In her speech, Nesselbush argued for broader reforms that would give more power to each senator and committee, allowing them to vote on controversial bills and show constituents where they stand.
Bills that don’t have the leadership’s support in both the Senate and state House of Representatives, led by Democratic Speaker Nicholas Mattiello, are routinely put into a limbo status known as “held for further study,” frustrating proponents who spend hours debating the same issues year after year.
A reform push to end that practice was quashed in the House earlier this year. Both chambers have voted to confirm their current procedural rules, meaning they will likely remain unchanged until a new set of lawmakers takes office in 2019.

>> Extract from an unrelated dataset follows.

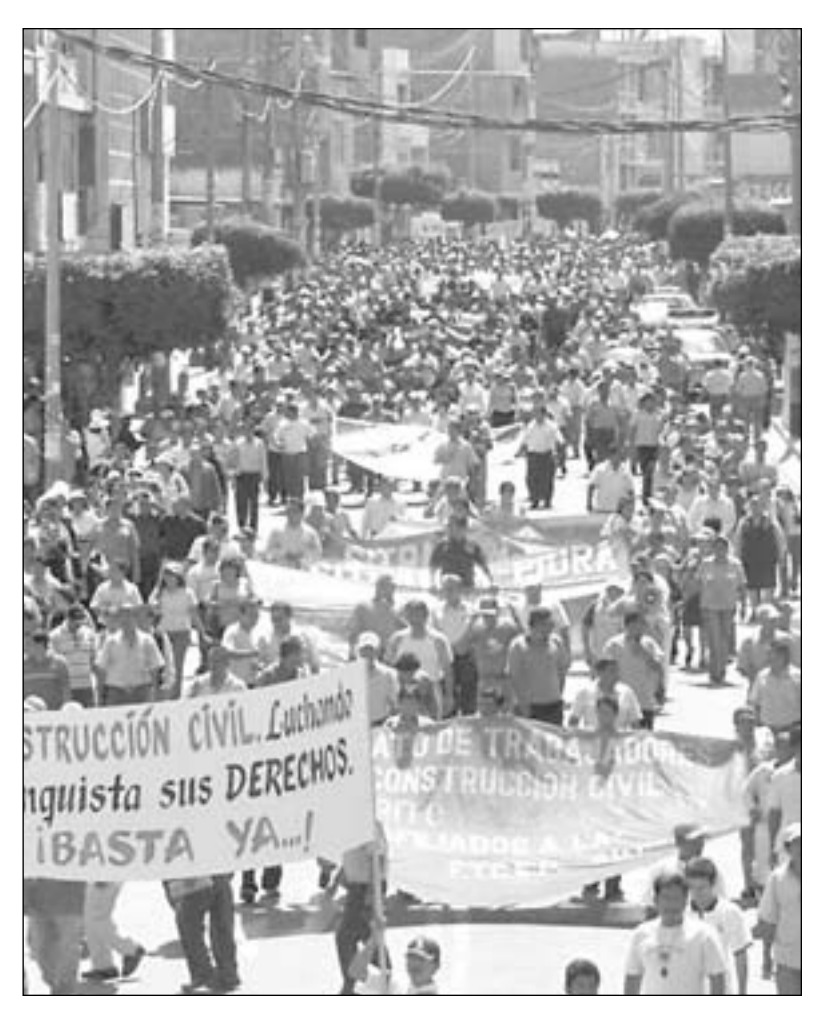
A strike wave in Peru last Spring, the latest in a series of workers' eruptions in Latin America in the past few years. Attacks on union rights and other basic needs of the workers and oppressed is commonplace from Argentina to Peru to Mexico. An international revolutionary party can unite the struggles of workers across the continent.

Further, we do not agree that this tactic, in Venezuela today, would advance the revolutionary cause. There are not thousands of workers moving to break with Chávez. The militant layers have

John Marion of good-government advocacy group Common Cause Rhode Island said the state “has historically had a strong legislature and also a highly centralized legislature,” though he noted that Ruggerio is only its fourth Senate president - it was the lieutenant governor who formally presided over the chamber until 14 years ago.
Mattiello and Ruggerio now have “absolute agenda-setting authority in their respective chambers,” Marion said. “As a result, campaign contributions, lobbyist attention, flow primarily to the leadership.”
Sheehan said Friday that he believes what cost him his role as oversight chairman was his strong advocacy for ethics reform, which he said Senate leaders only “reluctantly” came around to last year, and his insistence on holding hearings on the 38 Studios fiasco. The state’s failed $75 million deal in 2010 with former Boston Red Sox pitcher Curt Schilling’s video game company might never have happened, said Sheehan, if what Paiva Weed knew about the legislation was filtered down to the rest of the Senate before they voted on it.
“If there were more eyes scrutinizing that legislation, there’s a good chance the 38 Studios loan guarantee might never have been made,” Sheehan said.